Once the basic file-processing structure is in place for an issue, the opening page of the journal should be the default page name of the web server located in the highest level directory. For the Journal of the AHC, a user should be able to access the journal by simply linking to http://mcel.pacificu.edu/jahc/. Of course, the opening page will change with each new journal edition, but one link should be present on every opener — "Back Issues." Each back issue index could then be named according to the archiving scheme. If using /spring98/ as the edition notation, then the opening page would be named spring98.html. If using the /v1/n1/ notation, then the page would be named v1n1.html. As the opening pages move to the "Back Issues" section, their links would not change because the documents (the articles, reviews, etc.) are never relocated.

However, the warning "never say never" trully applies to permanence on the World Wide Web. Readers of the first issue of the JAHC can observe that the second issue is now in a different location. Rather than residing on the ssd1.pacificu server, the journal is now on the mcel.pacificu machine. The editor and the development team at Pacific University made the decision to move to the new server for various sound reasons. First and foremost is the speed and reliability of the connection. The new server is maintained "in house," rather than on the University's server which has a high level of Pacific U traffic. In addition, the journal is now easier to support for the small group of technicians that are needed to administer the server, format HTML, and deal with anything else that arises when dealing with the production of a large web site.

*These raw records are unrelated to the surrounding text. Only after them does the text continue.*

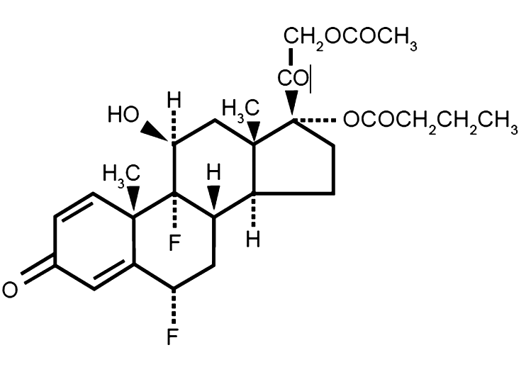 El difluprednato es un medicamento sintético difluorinado derivado de la prednisolona. Originalmente fue desarrollado para aplicaciones dermatológicas por Mitsubishi Pharma; no obstante, con base en sus resultados clínicos, el producto fue catalogado como un corticosteroide “muy potente”. En su formulación dermatológica, el difluprednato 0.05 % fue 4 veces más potente que el acetato valerato de prednisolona 0.4 %, y 3,200 veces más fuerte que la prednisolona 0.5 %, usando la vasoconstricción periférica. En esta presentación, su potencia fue aproximadamente la misma que la betametasona [1,7]. La molécula obtiene su potencia mediante la fluoración en las posiciones C6 y C9. Su actividad antiinflamatoria se ve adicionalmente aumentada por la sustitución del grupo hidroxilo en la posición 17 por un butirato, mientras que su lipofilicidad y, por ende, su penetración corneal, se incrementa mediante la sustitución del grupo hidroxilo en la posición 21 por un acetato [8].
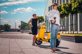 Trzy szczęśliwe modne kobiece przyjaciele stojący w pobliżu luksusowych aut Cabrio w parku.
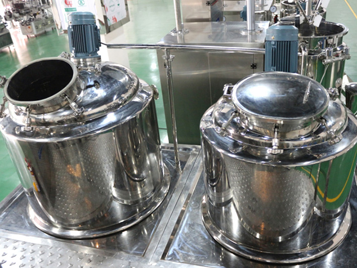 攪拌形式——主鍋為框式攪拌加均質頭,油水鍋有錨式攪拌、分散盤以及漿葉式攪拌等。
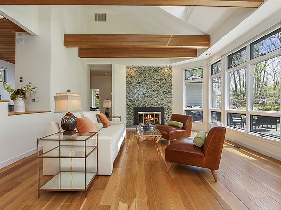 Retreat to a world of serenity and sunlight in this impeccable, recently updated home with pool on a private landscaped property. This is no ordinary home, it's one designed with elements of nature throughout connecting luxury interiors to its beautiful natural setting. From the custom riverstone island and nature-inspired backsplash in the gourmet chef's kitchen - fully outfitted with high-end stainless steel appliances -- to the stunning natural stone fireplace, this home is a perfect marriage between custom high-end interiors and the beautiful natural surroundings. Enter this special home and immediately be drawn to the wall of windows, and the soaring living room ceilings. First floor master is a dreamy escape with its new fireplace and spa bath featuring custom-designed shower and soaking tub and lovely Chinese antique vanity. Double walk-in closets make this master suite as functional as it is beautiful. Flexible floor plan includes an additional 2-bedroom suite on the first floor and 2 more bedrooms on the second level, either which would make a great teen/in-law/au pair suite. This is a one-of-a-kind property not to be missed. Note this beautiful home also has the lowest taxes in its price point. Central location provides easy access to schools and to Weston Center, Westport, Wilton and Georgetown for train, shopping, restaurants and services. School bus stops at the end of this private road.
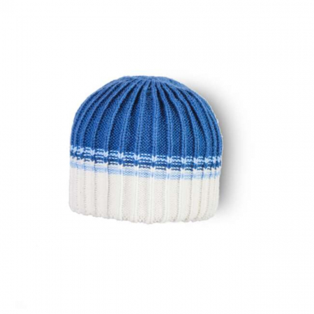 Шапка детская без отворота с вывязанным и стянутым верхом, с имитацией отворота контрастными цветами и объемной вязкой "английская резинка".
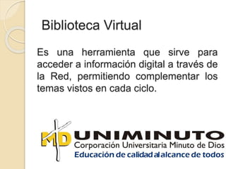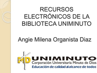 Este documento describe los recursos electrónicos disponibles en la biblioteca de la Universidad UNIMINUTO, incluyendo libros electrónicos, bases de datos, catálogos en línea y revistas académicas. Provee detalles sobre varias plataformas para encontrar libros electrónicos y enumera algunas bases de datos populares a las que los estudiantes tienen acceso.
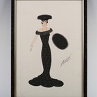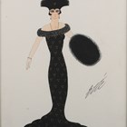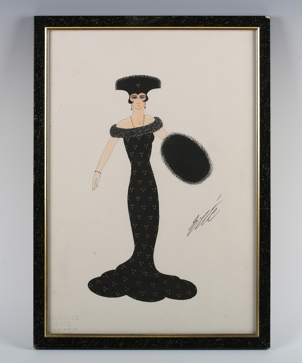 Erté (Romain de Tirtoff, Russian/French 1892-1990) - Elegant lady in black with a fur muff, pen, ink and gouache, heightened with gold pen, signed lower right, atelier stamp lower left, 42cm x 28.5cm, within a black frame.

The move did raise another important issue of permanency. What happens when the journal's upper level domain changes? Or put in a bit more normal way, what happens when the journal changes publishers or sponsoring organizations and has to move to a new location on the web? Fortunately, there is a solution. On the web it is possible to use the "Refresh" command or a script (JavaScript or CGI) to automatically forward the reader to the new location. From there, the reader browses as normal because the file structure or the sub-location of the documents remains the same.

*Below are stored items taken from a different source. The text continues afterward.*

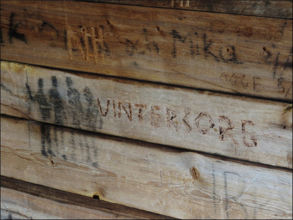 ”Tog en nötpaus i ledkrysset (a) där flockar av dagturister passerade mot Grövelsjön. Gick snett tillbaka ner mot sjön och stötte upp en ensam ren. Vid bron fanns en spångad kanotled. På andra sidan ett fint vindskydd med ved, yxa och såg.”
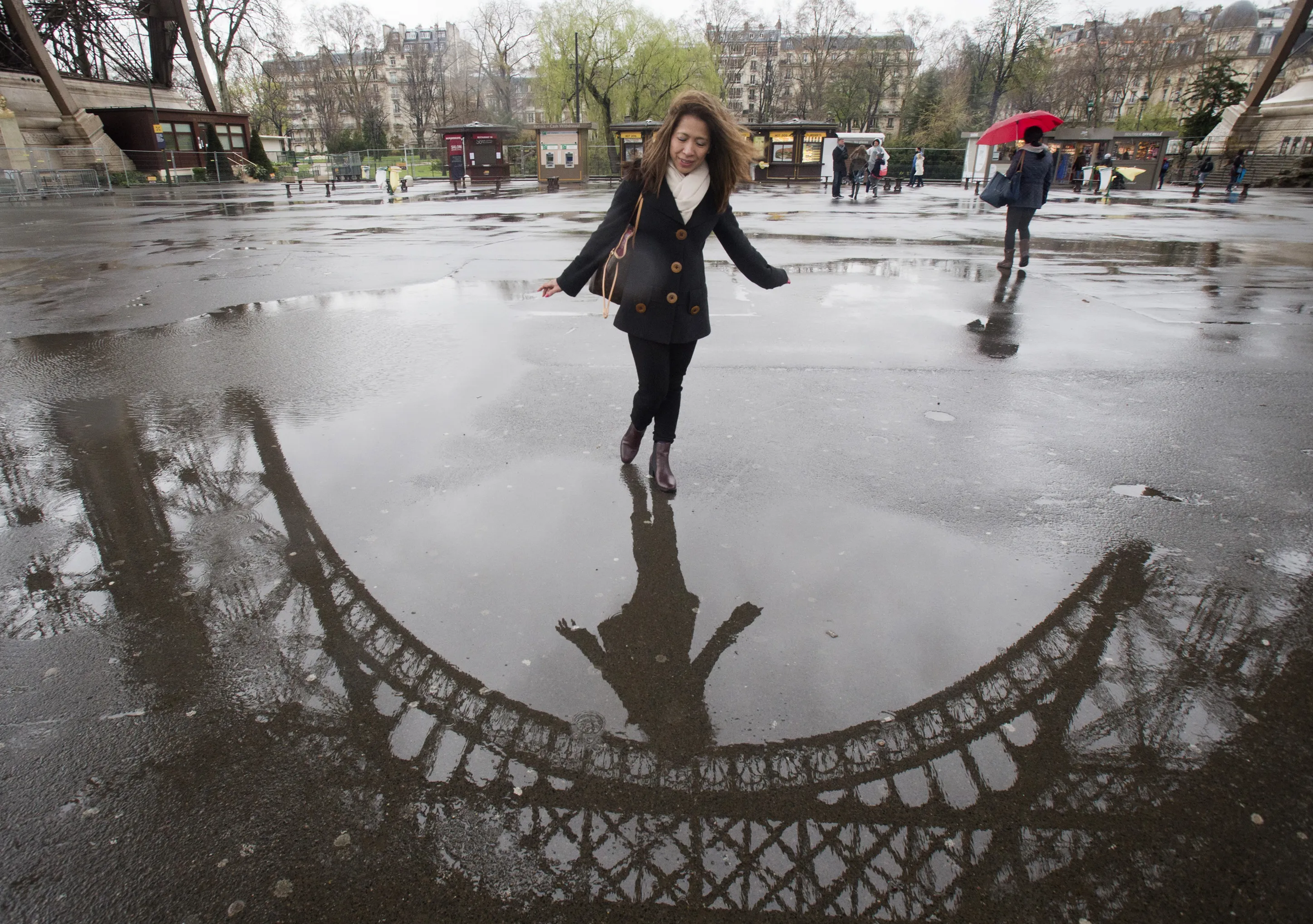 Tourist identified only as Leletskee, from New York, USA, looks at the Eiffel Tower's reflection of the pavement in Paris , Thursday, March 31, 2016. Paris' Eiffel tower is closed all day. The company operating the monument said in a statement there are not enough staff to open the tower with “sufficient security and reception conditions”. (Photo by Jacques Brinon/AP Photo)
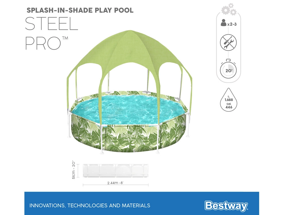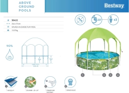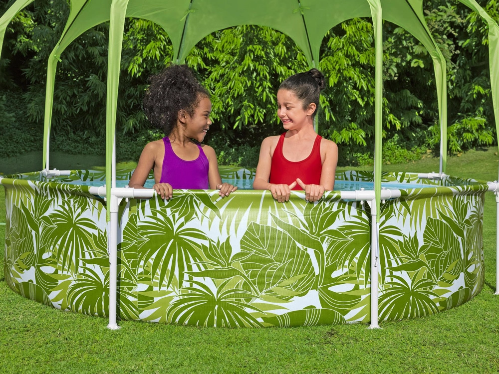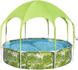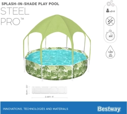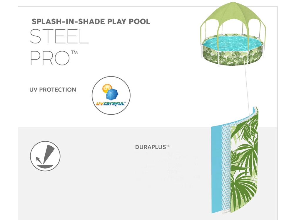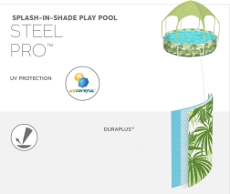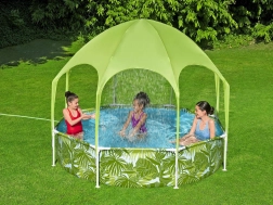 La piscina Bestway SPLASH-IN-SHADE está diseñada para motivar a los niños al movimiento y a un juego acuático seguro en el jardín. El toldo con rociador integrado proporciona sombra y refrigeración; basta con conectar una manguera de jardín y la diversión puede comenzar. Los coloridos gráficos veraniegos encantarán a los pequeños nadadores y la robusta construcción garantizará estabilidad durante todo el verano.
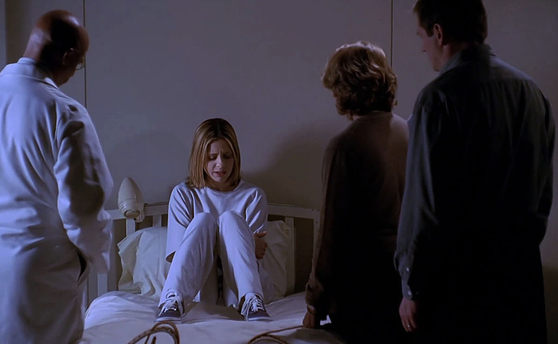 In the asylum timeline, Buffy is told that she’s actually been in the asylum for six years, and that her Slayer-ness is a hallucination. And? MRS. BUFFY IS ALIVE. Back in real life, Buffy confesses that when she saw her first vampire she was sent to an asylum. But she pretended to stop seeing them and her parents “just forgot.” She’s afraid she actually never left the clinic.
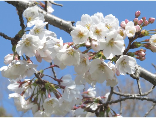 「ソメイヨシノ(Somei-yoshino)」が咲き始めました――。 園内、大池西側が一番よく咲いているようです。
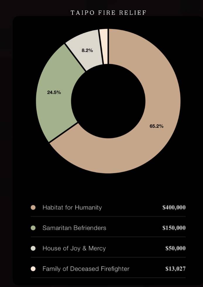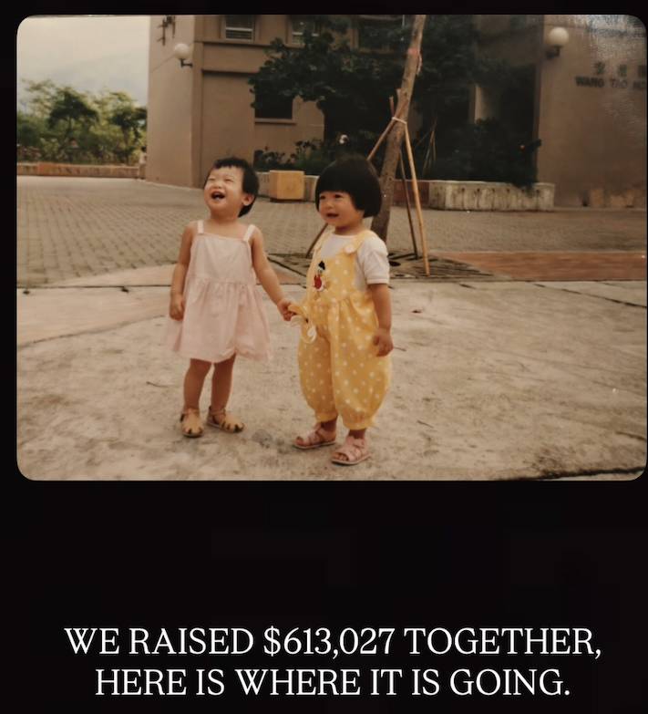 徐天佑夫婦在大火發生後,隨即宣布將護膚品牌概念店「I Never Use Foundation」由11月26日至30日的零售銷售總額全數捐出。今日他們在社交平台公布具體捐款數字,並詳細說明分配方式。夫婦坦言「當我哋宣布將捐出11月26日至30日期間100%的零售總銷售額時,我哋知道係一個重大嘅決定。坦白說,613,027元,並不是額外利潤或marketing budget,這是我哋嘅營運現金流,足以支付我哋一個月的租金和開支,還未計人工。但此刻,災民嘅需要比我哋自身更為迫切。」

A final consideration to be addressed by an on-line journal is library subscription. No librarian wants to live in fear that some of their catalogued items may disappear, but the obvious solutions to this problem break down at some point or another. For example, if the library copies all of the journal files (articles, reviews, etc.) onto a local server, then that action is unacceptable to the journal for obvious reasons. On the flip side, a licensing agreement from the journal does not necessarily remove the librarian's fear that the entire journal may someday "go away." Software licenses can be cancelled. It is not the intention of the JAHC to play marketing or licensing games with libraries or readers, regardless of Microsoft's example. Our intention is to publish scholarly work about history and computing and to make that information as widely available as possible. To this end, the JAHC editors are considering ways to resolve library's concerns. One possible solution is to produce a CD at a low cost that libraries may purchase and place on their shelves. Whatever the solution, it should be one where the library retains a permanent copy of the subscribed edition.

Hopefully, this brief discussion has brought us closer to the resolution of the permanence issues for a scholarly on-line journal. The key to the archiving scheme and permanence of a publication on the Internet is the directory structure of the site. With foresight and clues from current conventions like footnotes, a document can remain in one location on the WWW. By using storage facilities like recordable CDs, libraries can have a copy of the journal that will not "go away" with the flick of a switch or a lack of funding. Although the web is not considered a medium of permanence, we can add a satisfactory degree of certainty.